The thing i have appreciated about Taibbi and Greenwald is their commitment to open discussion. A number of vaccine specialists made the point, strongly, early on that hiding or downplaying the potential risk of side effects from the vaccines (which they were clear would exist) would hurt badly in the long run; it would simply make people more suspicious of experts. using the term "vaccine" was itself problematical. What we have is what is known as a leaky vaccine, this is quite different than something like the smallpox vaccine for instance which does in fact confer immunity. Leaky vaccines do not. The use of the term "breakthrough infection" is as well inaccurate.

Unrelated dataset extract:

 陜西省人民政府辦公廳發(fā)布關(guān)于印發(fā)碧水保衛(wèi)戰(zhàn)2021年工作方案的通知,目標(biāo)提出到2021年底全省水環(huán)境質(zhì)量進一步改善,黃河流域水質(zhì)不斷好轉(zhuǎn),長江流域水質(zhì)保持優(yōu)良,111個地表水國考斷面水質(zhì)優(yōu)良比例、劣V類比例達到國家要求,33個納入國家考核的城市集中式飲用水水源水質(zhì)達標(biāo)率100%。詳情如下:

Leaky vaccines do not stop infections, they just alter severity and death rates; the organisms continue to modulate their structure to work around them over time.

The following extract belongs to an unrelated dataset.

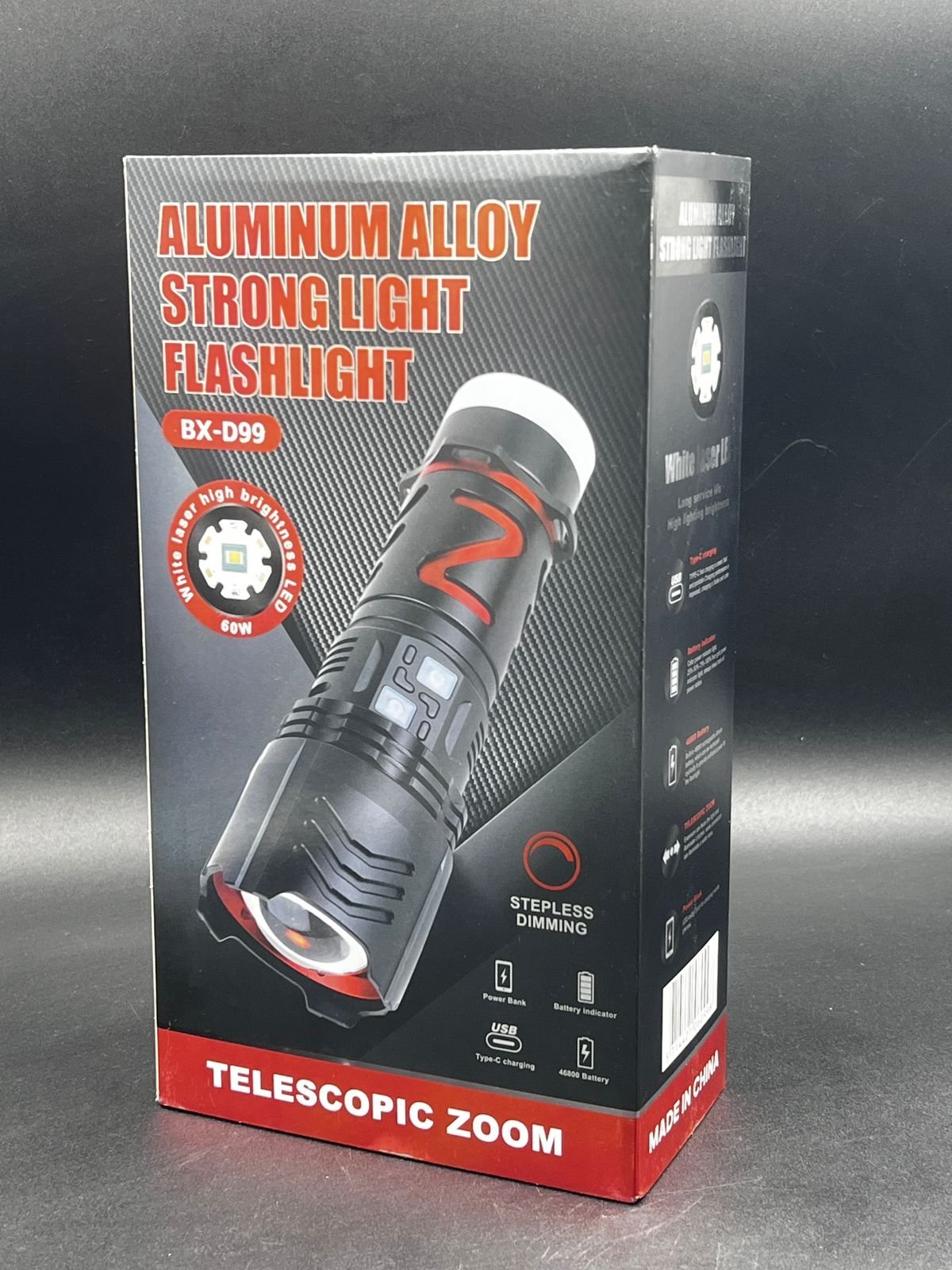 “BX-D99 model güclü işıqlandırma əl fənəri, uzun məsafələrə işıq yayıb, aydın və intensiv işıq təmin etmək üçün nəzərdə tutulmuş yüksək keyfiyyətli bir cihazdır. Alüminium ərintisindən hazırlanmış bu fənər, dayanıqlı və yüngül dizaynı ilə həm gündəlik istifadə, həm də açıq hava fəaliyyətləri üçün idealdır. Fənərin teleskopik zoom funksiyası, işıq şüasının intensivliyini tənzimləməyə imkan verir, bu da müxtəlif mühitlərdə ən yaxşı işıqlandırmanı əldə etməyə kömək edir.

Both sides of the issue are distorting the truth for their own ends; neither is very rational. in other words both are wrong about a great many things. the levels of dehumanizing vitriol make plain that other issues are involved. it is not just about the science.
anyway, thank you Matt for your work; there are far too few people who are willing to reason on these complex issues.
Alex Berenson says it best in this recent tweet:
"It doesn't stop infection. Or transmission.
Don't think of it as a vaccine. Think of it - at best - as a therapeutic with a limited window of efficacy and terrible side effect profile that must be used in advance of illness.
And we want to mandate it? Insanity."
I would say he is right on all counts. Too bad that tweet got him permanently banned from Twitter - but you can find him here on SS.
Berenson is a conspiracy theorist that has been demonstrably wrong about pretty much everything related to COVID.
I am not sure what he has been wrong about, so please enlighten me.
As far as his last tweet, all of that seems factual. No?
In other words, you've got nothing except an ad hominem.
Do enlighten us with precisely what he's gotten "demonstrably" wrong.
You're probably at this point beyond any measurable degree of "enlightening," but the below links ought to at least offer you some much needed "leverage" in any effort you might care to undertake in extracting your head from your ass. Share with friends.
Berenson: Pandemic grifter.
https://www.thedailybeast.com/covid-contrarian-alex-berenson-says-even-if-im-wrong-on-coronavirus-its-useful-to-have-me
https://reason.com/2021/08/30/alex-berenson-twitter-ban-vaccine-covid/
https://www.theatlantic.com/ideas/archive/2021/04/pandemics-wrongest-man/618475/
https://www.msn.com/en-us/news/us/pandemic-s-wrongest-man-alex-berenson-permanently-suspended-from-twitter/ar-AANR5vz
Your sources, Aunt Martha, are hilarious! He literally takes data, primarily from Israel, to make his points. You're right, there is not enlightening, Aunt Martha, that you can provide, but I can assure you that my ass helped me win some pickleball games this morning, as did my head which correctly placed in separate parts of my body!
The sources strike me as mundane media outlets, the kind that are a dime a dozen. They are also irrelevant. They merely transcribe Berenson's own words with basic reporting. Duck Soup is hilarious, not this kind of sawdust journalism. You're easily amused I can see. The rest of this post is oblique nonsense. Israel? Takes data? Stick to Pickleball, you silly man/woman/hermaphrodite.
https://ivmmeta.com
ME/CFS hero. https://www.virology.ws/mecfs/
This is what it takes. David Tuller should get a lot more press coverage. Help him if you can.